RAGIP SOYLU @ragipsoylu
Published 22.08.2016 23:04
Updated 23.08.2016 10:42
Relocating İncirlik Air Base outside Turkey preposterous, says former US ambassador

A former U.S. ambassador said over the weekend that proposals by some in the U.S. media to relocate İncirlik Air Base to Northern Iraq or somewhere else is "silly" and "preposterous." Ross Wilson, U.S. Ambassador to Turkey between 2005-2008, claimed that the failed coup in Turkey did not change the importance of İncirlik Air Base, which is used by anti-DAESH coalition forces to hit targets in Iraq and Syria.

"The focus of our policy makers should be maintaining that access and ensuring that İncirlik is a positive factor for U.S.-Turkish cooperation, not the problem," he said.

Wilson is among a limited number of former U.S. officials who worked in Turkey that has not received a negative public reception. According to the U.S. diplomatic telegrams obtained and leaked by Wikileaks, Wilson reported frequently to Washington about his findings on Pennsylvania-based fugitive imam Fethullah Gülen and his organization. Wilson told Daily Sabah that he was, in a sense, not surprised by the allegations on Gülen's role in the failed coup. He said, "Many more authoritative voices on this issue have written in the public domain that Gülen was behind this.

I have been struck by some of the government's most strident critics that seem to have joined in this view that the Gülen Movement was deeply involved in this. It is not just the pro-government media's view. There has been others outside of the government, maybe most prominently Dani Rodrik in the U.S., who are also very critical of the government, but supportive of the idea based on the evidence in the public domain that Gülen was behind this. If that's the evidence, of course the government would point it out."

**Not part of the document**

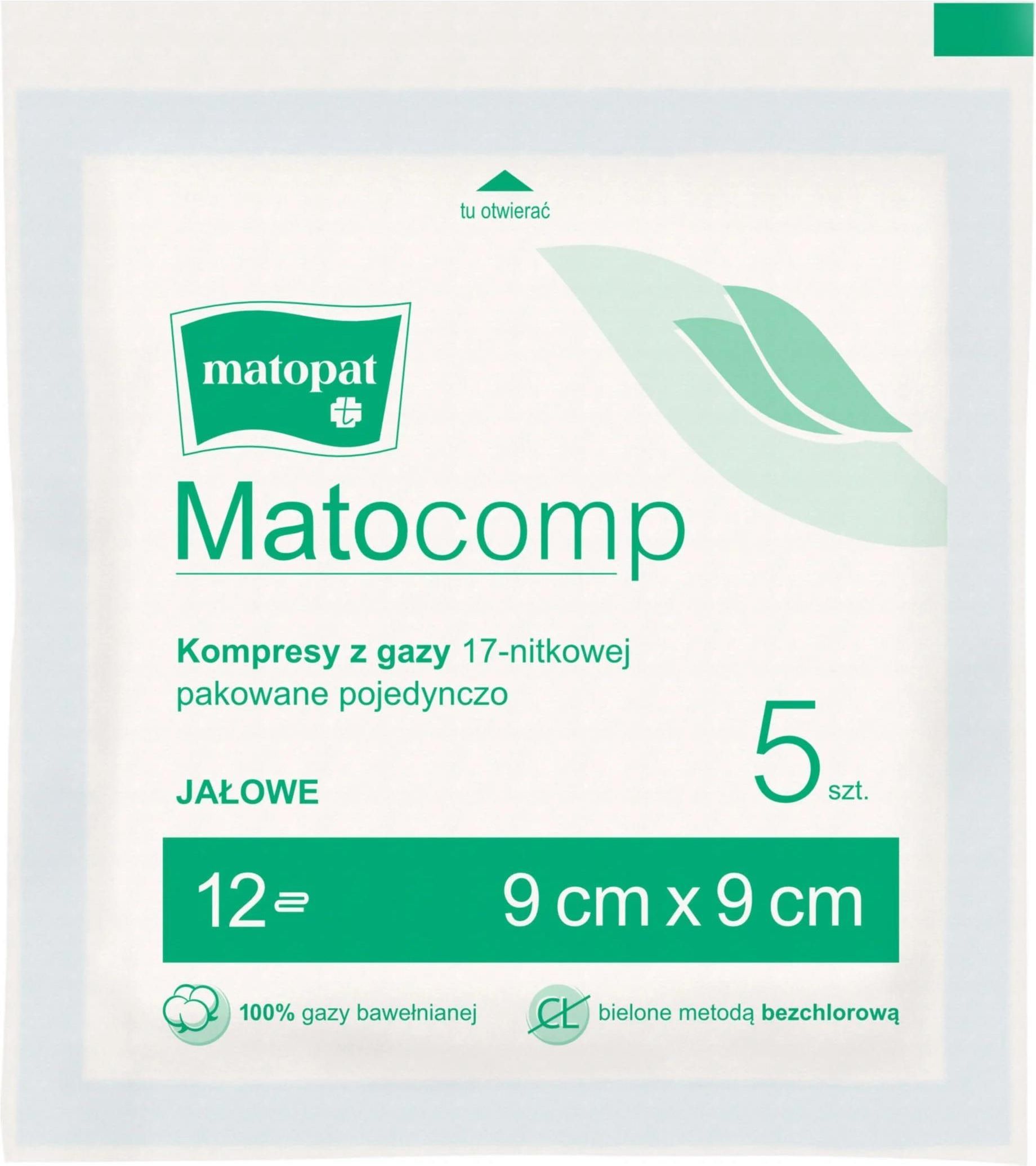 Opis: Matocomp Kompresy jałowe z gazy 17 nitkowe 12 warstwowe 9 x 9 cm Matocomp Kompresy jałowe z gazy 17 nitkowe 12 warstwowe 9 x 9 cm to wyrób medyczny do stosowania jako opatrunek podczas procedur ambulatoryjnych oraz operacji, skutecznie chłonący płyny. W praktyce lekarskiej: dla pielęgniarek i lekarzy wykonujących zabiegi diagnostyczne z udziałem płynów ustrojowych oraz krwi. W opiece długoterminowej: dla opiekunów do pochłaniania płynów, wilgoci i krwi przy zmianie opatrunku. W kosmetyce: dla kosmetyczek do celów higieniczno-kosmetycznych oraz do przemywania ciała po zabiegu. W domu: dla dorosłych i dzieci, do przemywania i opatrywania ran, skaleczeń i otarć oraz jako wkład chłonny zabezpieczający wilgotną ranę. .Skład: Co zawiera Matocomp Kompresy jałowe z gazy 17 nitkowe 12 warstwowe 9 x 9 cm? Kompresy wykonane ze 100% gazy bawełnianej..Charakterystyka produktu: Bielone metodą bezchlorową dla większej bezpieczeństwa. Nie pozostawiają włókien na powierzchni. Krawędzie zagięte do środka produktu. Charakteryzują się wysoką absorpcją wilgoci i cieczy. Opakowanie peel-pack umożliwia otwarcie bez pyłu, z efektem łatwego odrywania. .Sposób użycia: Jak stosować Matocomp Kompresy jałowe z gazy 17 nitkowe 12 warstwowe 9 x 9 cm? Kompresy z gazy opatrunkowej są wyrobem jednorazowym. Podczas procedur inwazyjnych należy je stosować jedynie w stanie nierozwiniętym..Dodatkowe: Opakowanie: 5 sztuk.Ostrzeżenia: To jest wyrób medyczny. Używaj go zgodnie z instrukcją używania lub etykietą. Wyrób jednorazowego użytku. Wyrób sterylny, nie używać powtórnie, nie resterylizować, do użytku ambulatoryjnego, nie używać, jeśli opakowanie jest uszkodzone, trzymać z dala od światła słonecznego, chronić przed wilgocią. .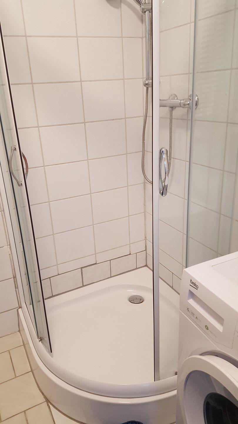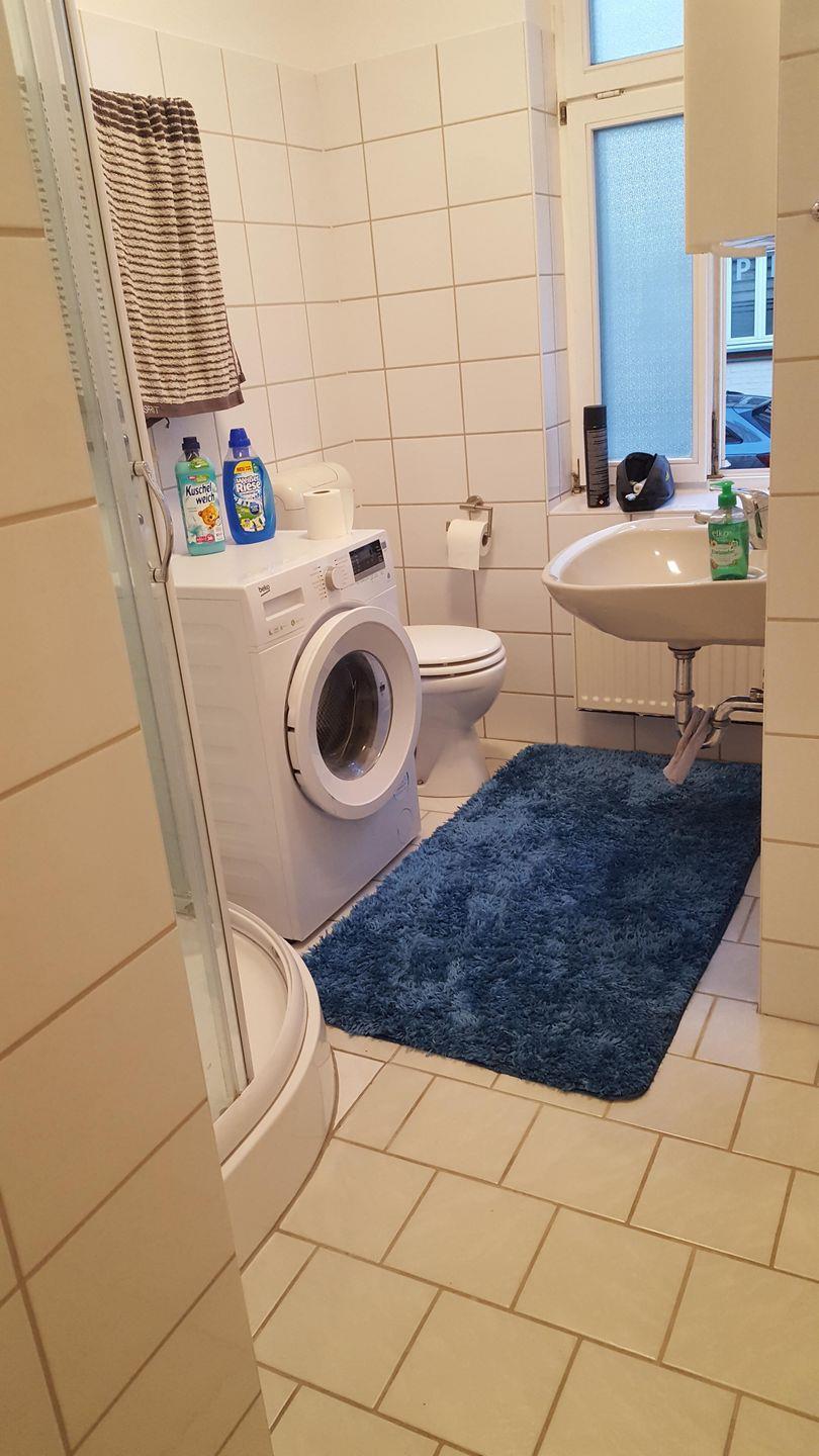 Im Tageslichtbad befindet sich neben der großzügigen Dusche, Waschbecken und WC eine Waschmaschine zur Alleinnutzung. Das Bad verfügt zusätzlich über ein Fenster. Im Flur der Unterkunft gibt es eine Garderobe, an der Jacken und Mäntel aufgehängt werden können.

Wilson said during his time in Ankara he considered the Gülen Movement an important actor that had reasonably good relations with the government and the ruling Justice and Development Party (AK Party). He also heard many stories and anecdotes that Gülenists were in various elements of the police force and a few other places. "We regarded it as a secretive organization from whom it was difficult to get much factual information…They were an important part of the Turkish political landscape."

It also didn't occur to him that Gülenists were capable of orchestrating the July 15 coup attempt back in 2008. He also had no concerns that the U.S. was providing a safe haven for Gülen by providing him permanent residency status, because back then, Gülen had good relations with the Turkish government.

Wilson also said that he was shocked by the coup attempt, because, like everyone else, he thought the coup era had ended in Turkey and was very pleased to see that the plot was put down and the elected government was defended.